In regards to artificial light, having only overhead lights can be too aggressive + only table lamps can be too dim. Layer when + where you can but be mindful of the bulbs you are using. Ditch the mercury containing CFL bulbs + halogens that emit blue light. The safest + healthiest bet is to stick with incandescent bulbs or non-blue light emitting LED bulbs. You can consider using pink light bulbs like these to create a warm + relaxing atmosphere.

My favorite way to create a warm feeling is by turning on our Himalayan salt lamp. There are claims that the salt produces negative ions that attach to + neutralize the positively charged dust flying around your room carrying all sorts of nasty chemicals, supposedly improving air quality. Even if it doesn’t really do anything for the air quality, the light it gives off is so magically soothing! The first few nights we used it my husband + I swore it was the best night sleep we ever had! I’m considering getting one for our oldest son’s room to replace his nightlight that has disrupting rotating colors.

There’s also these Selenite lamps that are growing in popularity that I would love to try. And consider using a silk sleep mask to block out excess light.

 

TEMPERATURE

Getting a good night’s sleep is a huge challenge if you are too hot or too cold. When you’re body isn’t at it’s ideal temperature it works harder to regulate itself meaning you are basically in survival mode. When you find the perfect temperature, your body can relax + the process of sleep can begin.
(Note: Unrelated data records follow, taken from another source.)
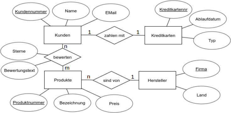 Ich habe das Diagramm mit dem Online-ER-Diagramm-Generator ERDPlus erstellt. Leider verwendet ERDPlus nicht die 1/n/m-Syntax für Beziehungstypen. Daher habe ich diese Annotationen einfach nachträglich hinzugefügt.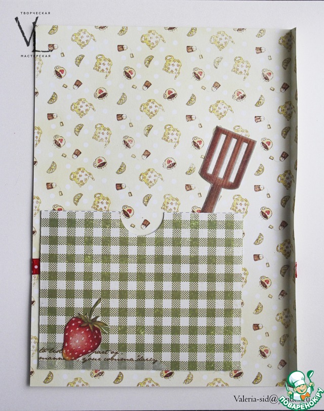на его спинке кармашек для листиков с рецептами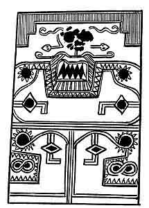The design of this lower division is the two halves of a head placed back to back with each other. The eyes are again formed of the sun as Kin, the celestial orb, again telling us that this tableau refers to the earth, not to heaven.

Find your Goldilocks zone for a bedroom that allows you to get a good night’s sleep.

SOUND

Some people are very different in their sound needs for rest. My husband always slept in complete silence…until he met me…the queen of fans! I need white noise + usually some constant air movement to lull me to sleep. I’m practically a baby.

If you live in an area with a lot of traffic or disruptions, white noise can be a saving grace. The consistent, relaxing sound these white noise machines create can help drown out disturbances like abrupt noises.
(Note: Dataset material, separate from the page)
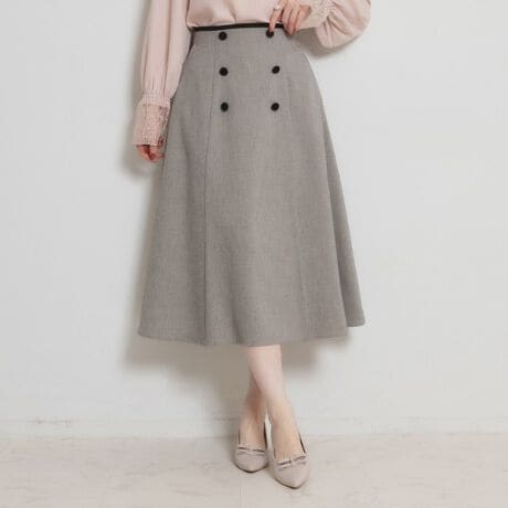 ウエスト端に配色パイピングをきかせたフレアスカートです。

When choosing white noise to listen to, some experts warning that high pitched sounds, like crickets, can cause slight hearing damage if played over a long period of time. So go with lower frequency sounds like rain showers, ocean waves {a personal fave} or car/plane sounds.

 

AIR

“A well purified room will smell clean but sometimes you need that little something extra to create a relaxing atmosphere.”

As mentioned before, a clean room begets a good night’s sleep. The air you’re breathing while sleeping should especially be clean! Reducing dust, pollen + mold will alleviate that stuffy nose that starts to settle in during the night. Keep the filters in your HVAC system clean {change at least every 6 months} + consider adding in a portable air purifier. Opt for ones that do NOT create ozone which can be a respiratory irritant . Look for purifiers that have several filter layers that can filter out dust, pollen + mold particles, as well odor.

Plants that purify the air are also beneficial in the bedroom. Choose ones that are low on the maintenance scale + high on the filtering of harmful chemicals like formaldehyde, toluene + benzene.

A well purified room will smell clean but sometimes you need that little something extra to create a relaxing atmosphere. For this I love using essential oils + candles. Oils are especially relaxing + can be used all night long. I prefer the basic lavender but rotate through some peppermint, lemon, Thieves or On Guard when colds strike. Stick your oils in this particularly stylish ceramic diffuser.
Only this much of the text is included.